──────── Material provided ────────
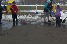 Мы всей школой присоединялись лебедю. Каждый день, по мере возможности, работаем по очистке территории школы и села.
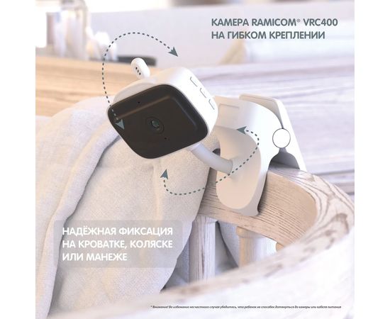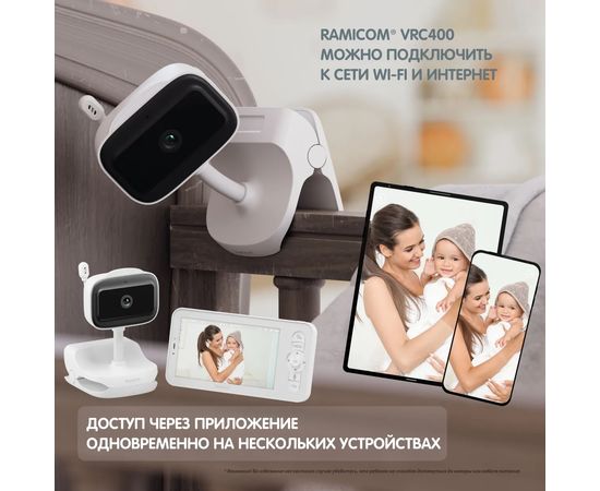 Ramicom VRC400 работает днем и ночью в режиме 24/7, непрерывно контролируя звук и движение в детской комнате, подавая сигналы оповещения родителям, если малышу потребуется их внимание. Видеоняня так же включает в себя ряд дополнительных полезных функций, например, таких как проигрывание колыбельных мелодий или таймер кормления. В камеру встроены датчики температуры и влажности, для контроля комфортной окружающей среды в комнате ребенка. С помощью Ramicom VRC400 можно записывать видео и фото, сохраняя в памяти одни из самых прекрасных моментов в жизни. На камере расположен симпатичный многоцветный ночничок, который, рассеивает по комнате мягкий свет, помогая крохе быстрее успокоиться и заснуть сладким сном.
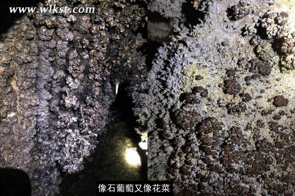 石壁四周是石葡萄鐘乳石。我們駐足拍照觀賞。
────────
### Task description
Every line above should be output exactly, except for the pictures.

### Answer below
 Мы всей школой присоединялись лебедю. Каждый день, по мере возможности, работаем по очистке территории школы и села.
 Ramicom VRC400 работает днем и ночью в режиме 24/7, непрерывно контролируя звук и движение в детской комнате, подавая сигналы оповещения родителям, если малышу потребуется их внимание. Видеоняня так же включает в себя ряд дополнительных полезных функций, например, таких как проигрывание колыбельных мелодий или таймер кормления. В камеру встроены датчики температуры и влажности, для контроля комфортной окружающей среды в комнате ребенка. С помощью Ramicom VRC400 можно записывать видео и фото, сохраняя в памяти одни из самых прекрасных моментов в жизни. На камере расположен симпатичный многоцветный ночничок, который, рассеивает по комнате мягкий свет, помогая крохе быстрее успокоиться и заснуть сладким сном.
 石壁四周是石葡萄鐘乳石。我們駐足拍照觀賞。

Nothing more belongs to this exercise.